Russia wants to be strategically relevant in the entire region in opposition to US interests. The clash between Russia and the US and its European allies has been building up since Georgia in 2008, onto Crimea in 2014 and finally, Ukraine. The allegations that Russia had interfered in the last US presidential elections have also exacerbated relations.
Russia has moved a considerable distance away from its stance in the 1990s when along with India, Iran, Uzbekistan and Tajikistan, a joint effort was made to keep the Taliban at bay. This was successful until the assassination of Ahmed Shah Massoud on 9 September 2001. The suicide bombers had travelled via Pakistan. The implications of this major event were lost in the catastrophe of 9/11.

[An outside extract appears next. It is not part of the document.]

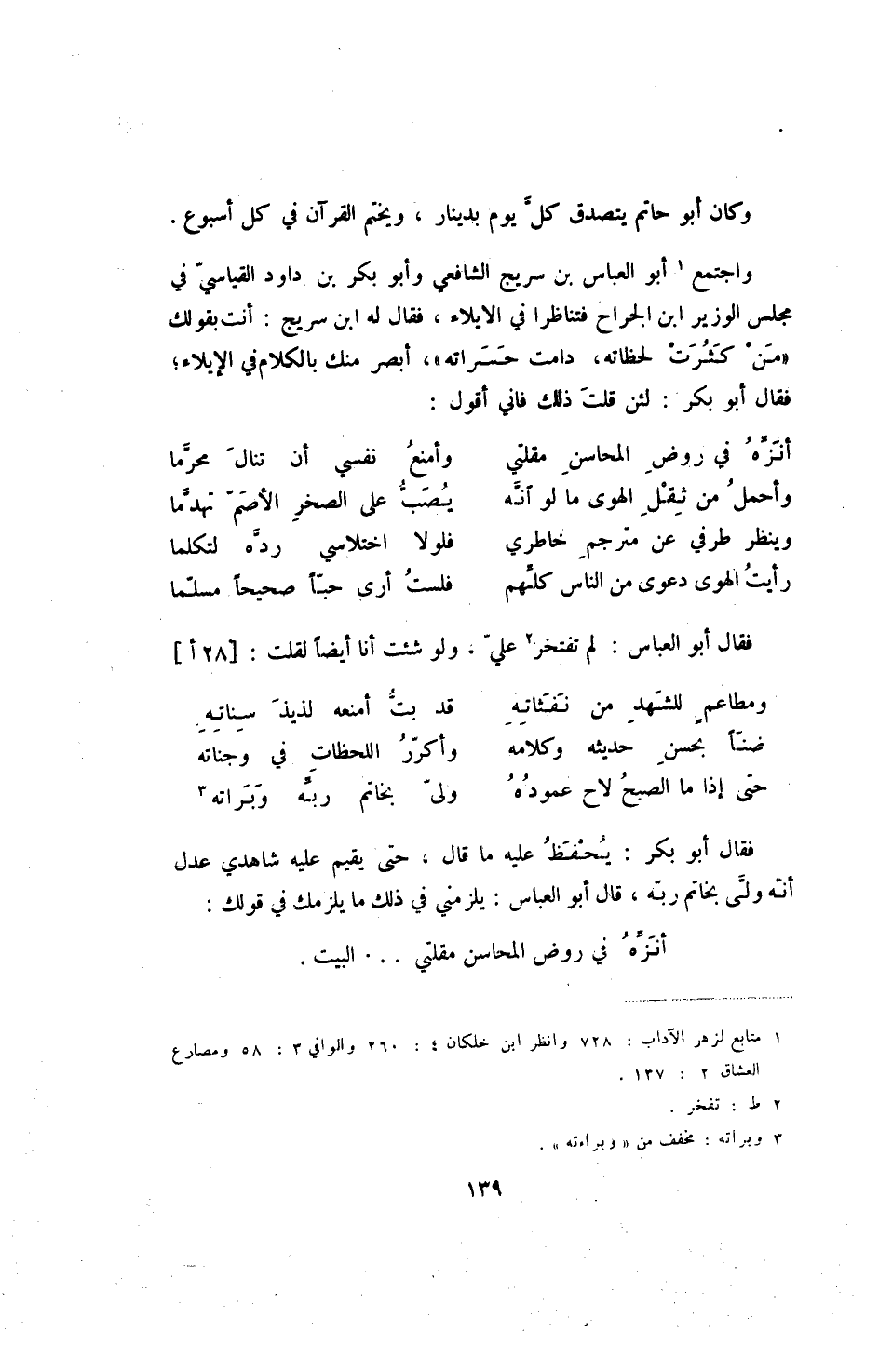 رأيت الهوى دعوى من الناس كلهم ... فلست أرى حبا صحيحا مسلما فقال أبو العباس: لم تفتخر علي، ولو شئت أنا أيضاً لقلت: [128 أ]

The Russians have met Taliban representatives several times in the past two years. It is possible that the Russians seek to get the Taliban to destabilise the Ghani Government seen by the Russians as a US-backed regime. Besides, neither the Russians, Chinese nor Iranians have taken too kindly to the US decision to maintain its bases in Afghanistan for power projection into Central Asia. President Vladimir Putin’s special envoy to Afghanistan, Zamir Kabulov, has said Russia “will not tolerate this”.
Kabulov has also said that the ISIS is a bigger threat to the region than the Taliban. The storyline is that in the interest of peace in Afghanistan, the Taliban be considered as a political and social movement. The Russians believe that the ISIS cannot be eliminated without cooperation from Pakistan. This cooperation means being on the same page about the Taliban. It is interesting that none of the powers — America, Russia, China and Iran — is willing to even talk about the role that the Pakistan-backed Haqqani Network will be playing in the game that is unfolding.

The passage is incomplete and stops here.